Kedua, mogok nasional itu memang nggak gampang. Tidak segampang mulutnya Said Iqbal saat ngasih instruksi. Dalam hukum ketenagakerjaan, istilah “mogok nasional” tidak dikenal. UU Ketenagakerjaan hanya mengakui pemogokan yang sah sebagai akibat dari gagalnya perundingan yang dinyatakan deadlock oleh pengusaha dan pekerja dalam risalah perundingan. Selain itu, buruh harus melayangkan surat pemberitahuan kepada Dinas Tenaga Kerja (Disnaker) dan pengusaha minimal tujuh hari sebelum pemogokan.
Jadi, mogok kerja tanpa ada masalah yang sedang dirundingkan terlebih dahulu disebut sebagai “mogok spontan”. Pada dasarnya mogok spontan dianggap ilegal oleh negara. Kalau berhenti kerja begitu saja, maka jatuhnya dianggap mangkir kerja. Lima hari berturut-turut tidak masuk kerja, dianggap mengundurkan diri.
Oleh karena payung hukumnya tidak ada, mogok nasional memerlukan militansi yang lebih besar. Risikonya besar. Kekompakan adalah kunci agar tidak mendapat hukuman sesudah pemogokan dilakukan. Jika sebagian buruh berhenti kerja sementara sebagian lainnya masih kerja, pengusaha bisa menggantikan buruh yang mogok dengan mudah. Secara, banyak pengangguran di luar sana yang ngantre untuk kerja di pabrik kendati dengan membayar jutaan rupiah kepada calo.
Persoalan lainnya, di pabrik banyak buruh kontrak yang kurang berminat mengikuti mogok nasional karena rentan dipecat. Buruh kontrak siap menjalankan produksi apabila buruh anggota serikat mogok kerja. Tidak adanya advokasi yang serius untuk buruh kontrak di tempat kerja membuat buruh dengan status kontrak merajalela. Coba aja ajak mereka mogok, paling-paling mereka jawab, “Maaf, Mas, Mbak, saya takut tidak diperpanjang, kreditan motor saya belum lunas.”

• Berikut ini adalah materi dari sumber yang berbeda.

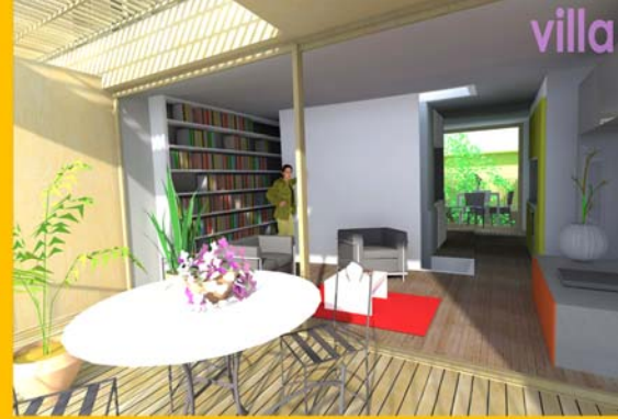
Couper - Perspective sur une maison individuelle type T2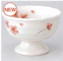
NEW 77-106-47 690円 花高台小鉢(ピンク) (9.4×6.5) 607710647

Setelah segala halangan dan rintangan, hebatnya pengurus serikat bisa menyiasati dengan mogok boong-boongan. Buruh sif 2 dan sif 3 disuruh berkumpul di depan pabrik, tapi buruh sif 1 masih kerja di dalam pabrik. Aktivis Kiri yang melihat pemandangan di depan pabrik pun terharu, revolusi sudah di depan mata!

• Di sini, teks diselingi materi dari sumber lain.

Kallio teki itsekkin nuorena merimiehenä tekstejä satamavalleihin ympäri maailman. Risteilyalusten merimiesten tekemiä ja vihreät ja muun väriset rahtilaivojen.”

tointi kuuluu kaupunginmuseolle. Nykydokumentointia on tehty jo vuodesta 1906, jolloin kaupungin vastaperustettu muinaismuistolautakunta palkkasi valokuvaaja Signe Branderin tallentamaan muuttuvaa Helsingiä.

Ketiga, buruh bosan jadi tumbal. Sudah menjadi rahasia umum di kalangan buruh KSPI kalau saat mogok nasional, pabrik tempat kerja para pengurus cabang dan pengurus pusat biasanya tidak berhenti produksi.
Setelah mogok nasional jilid 2 pada 2013, Said Iqbal pernah mengumpulkan para pengurus KSPI untuk dimintai pertanggungjawaban. Surat pernyataan patuh instruksi pun disiapkan dan para pengurus disuruh tanda tangan. Tapi, apakah pabrik tempat kerja Said Iqbal sendiri pernah mogok?

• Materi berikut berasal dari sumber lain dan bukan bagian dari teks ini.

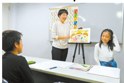
5人までの少人数制なので、一人ひとり丁寧にアドバイス。幼児クラスと小学1~3年生クラスは保護者同伴(5組まで)。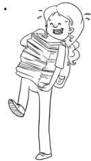
Elle est studieuse.

Alhasil, buruh yang sudah keluar dari pabrik lain masih harus menggedor pabrik-pabrik tempat kerja para pengurus KSPI agar buruhnya keluar.
“Apaan sih ini gedor-gedor pabrik orang?!” Wajar lah, orang yang menginstruksikan kok pabrik tempat kerjanya sendiri nggak berhenti? Situ sudah ada deal-deal ya sama manajemen?
Akhirnya, drama pemogokan berakhir dengan pemecatan terhadap buruh yang patuh menjalankan instruksi pemogokan dari pimpinan organisasi. Sementara, buruh-buruh di pabrik yang masih bisa dikondisikan untuk tetap kerja, selamat. Buruh-buruh yang dipecat itu diadvokasi agar mendapatkan pesangon yang setinggi-tingginya dan tak lupa potongan dua persen untuk setoran ke serikat.